Sunday, August 20, 2017

A country and a family on the road to ruin in Syllas Tzoumerkas' Greek drama, A BLAST


What was it like to have been a citizen of Greece back in 2014, when the film under consideration here -- A BLAST -- was first released? In it, we watch, semi-hypnotized by the behavior -- crazy, highly sexual, and not very loving -- of the family members we encounter. Even when they appear to be trying to approximate kindness, most of their actions comes out as either passive-aggressive or full out angry. And why not, since their country is headed for, if not already completely mired in financial ruin. As the whipping boy for the IMF and World Bank, Greece's employment rate was running at around 28 per cent, with the youth unemployment rate nearly double that. The family's personal lives and financial situation, we soon discover, are even worse.

As written and directed by Syllas Tzoumerkas (shown at left, and more recently the co-writer of that self-destructive doctor movie, Suntan), A Blast begins in media res, as we see a car racing through a forest near the sea, even as we hear a news report of a fire seemingly caused by arson. Tzoumerkas then flashes back to (sort of) happier days, and we see a pair of adults siblings playing/fighting at the beach, as exposition is dropped fairly speedily and well, prior to our meeting these young ladies' parents: mom, confined to a wheelchair but still apparently ruling the roost, along with a rather weak-willed dad.

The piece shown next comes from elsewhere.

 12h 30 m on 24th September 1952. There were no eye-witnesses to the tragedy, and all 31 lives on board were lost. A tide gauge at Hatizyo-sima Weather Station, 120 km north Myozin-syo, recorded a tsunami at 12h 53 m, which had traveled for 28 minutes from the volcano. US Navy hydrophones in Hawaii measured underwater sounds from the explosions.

Our star and heroine, Maria, is played by the oft-seen Greek actress Angeliki Papoulia (above and below, from Dogtooth, Alps and The Lobster), a beautiful woman who possesses a good body, expressive face and a fine array of acting chops. In this particular film however, Ms Papoulia proves mostly sex-crazed.

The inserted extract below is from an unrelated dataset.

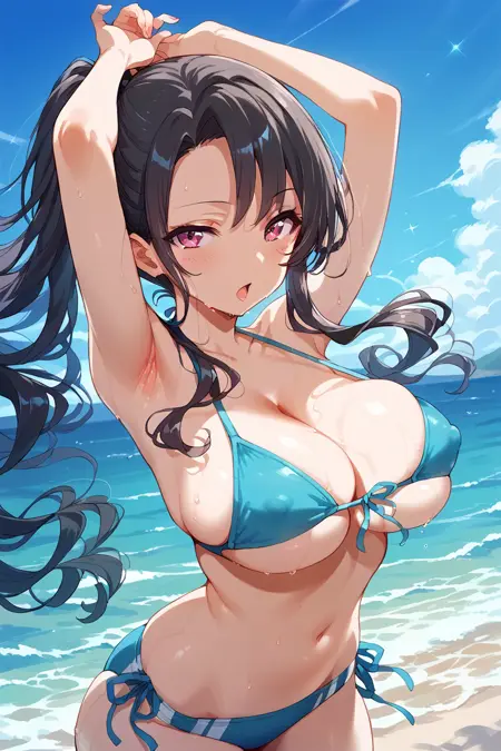 使用“瑞”和“1girl”。如需多样化的服装,可参考示例图片中的提示词。发型为黑发、马尾。所有效果都很出色,包括Hentai风格。

In one bizarre scene (above), she goes into a computer room full of men at work, turns on her computer to a porn site and proceeds to watch and listen, even as the poor guys around her find it, well, hard to concentrate on their own screen.

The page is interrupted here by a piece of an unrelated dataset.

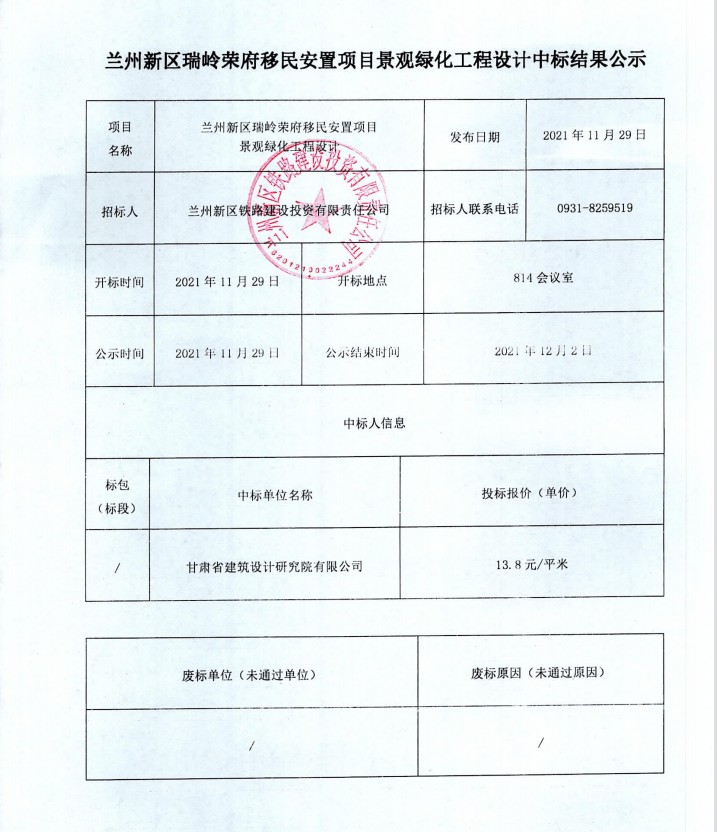 兰州新区瑞岭荣府移民安顿项目景观绿化工程设计中标结果公示

Her need for sex would seem to stem, at least in part, from the unavailability of her extremely handsome and hunky husband, Yannis (newcomer Vassilis Doganis, above and below), a Greek marine who's off at sea for much of the time. Yannis himself seems to be getting plenty of sex, even if his wife is not: We see him with a pretty black woman at one point (perhaps a prostitute), and then, having a very hot encounter with a male shipmate. Filmmaker Tzoumerkas makes certain we get, early on, a full-frame, full-frontal of his actor in the nude, and then intercuts often pieces of a soft-core sex scene (below) into his film's flashbacks. Thus we get plenty of the physicality of this rather amazing performer, whose first film this was, and who, according to the IMDB, has not been heard of since. Not to worry, what we see of him in A Blast should make Mr. Doganis a rather permanent fixture in some of our sexual memory banks.

As the family's fortunes wane further, and mom's misdeeds (that's Themis Bazaka in the role, below) become apparent, daughter Maria grows crazier and crazier. While Ms Papoulia does a bang-up job of creating this woman's disintegration, Mr. Tzoumerkas has not given us quite enough depth in his screenplay to make the movie into the tragedy that this kind of story probably deserves.

The family seems simply too crazy too soon, and so, even as more weird incidents pile up, our sympathy fails to be engaged past a certain surface point. The situation -- Greece's and the family's -- is certainly fraught and vitally important. Yet the handling of it all, while perhaps enough for the Greek audience that has by now lived through so much pain, austerity and other major crap, may not prove quite enough for those of us internationally who have yet to feel the ever-tightening vise of globalization and wealth inequality as wielded by the world's most powerful at their most damaging.

Perhaps a little less sex and a little more specificity regarding Greek life, family and otherwise, might have made this movie -- if less marketable internationally -- more meaningful and important.

From IndiePix Films and running a just-about-right 80 minutes, A Blast makes its U.S. DVD debut this coming Tuesday, August 22 -- for purchase and/or rental.